Sort scalability on modern cpus

	Sort scalability on modern cpus

	We don't need core counts of thirty
	If we win by playing dirty!

	Lets test linux sort on Coffee Lake generation processor :
	System : Ubuntu 16, 6 cores i5-8500, 16GB of DDR4, Nvidia GTX 1080
	Test file : 760 MB text file of tab separated numeric and text fields from TPC-H benchmark
	The sort program is run repeatedly, so the source file is read from cache, the results are written
	to /dev/null so we are comparing the cpu sort performance and not the disk performance.

	Sorting on 16th field of variable length text :

	Cores used : 6 5 4 3 2 1
	Running time(seconds) : 9.1 8.9 9.1 13.4 13.8 23.6

	Sorting on 3rd field (numeric)

	Cores used : 6 5 4 3 2 1
	Running time(seconds) : 3.3 3.4 3.4 4.8 4.9 7.9

	As we see, the sort doesn't scale very well, the speed-up resulting from additional cores is limited.

	Let's see the numbers when using a gpu. Here is a simple program that reads the file into gpu memory,
	sorts on the specified fields, copies the file back into the main memory and writes the file to disk.
	For sorting the program uses partitioning that exactly load-balances work over each gpu thread.
	The results are not written to a file to match the cpu tests.

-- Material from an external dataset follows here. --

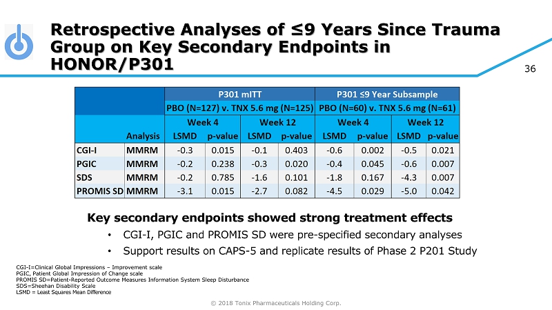 © 2018 Tonix Pharmaceuticals Holding Corp. 35 Retrospective Analysis of Treatment Response in ≤9 & >9 Years since Trauma in HONOR/P301 Study The ≤ 9 years since trauma group in P301 replicated results from P201 • Retrospective analysis of P201 showed 5.6 mg treatment group difference over placebo of 5.0 points (MMRM with MI, p = 0.031) LS Mean = Least Squares Mean MCFB = Mean Change From Baseline MMRM with Multiple Imputation

	Running time(seconds) for text field sort : 1.5 ( the actual copying the data and sort takes 0.79 seconds,
	the rest is gpu initialization time).
	Running time(seconds) for numeric field sort : 0.8 ( 0.4 seconds takes the data copying and sorting).

	my gpu sort program link : https://github.com/antonmks/nvSort
	nvSort program is not ready for production, it was written just for the purpose of this benchmark.
	Not tested on any other files.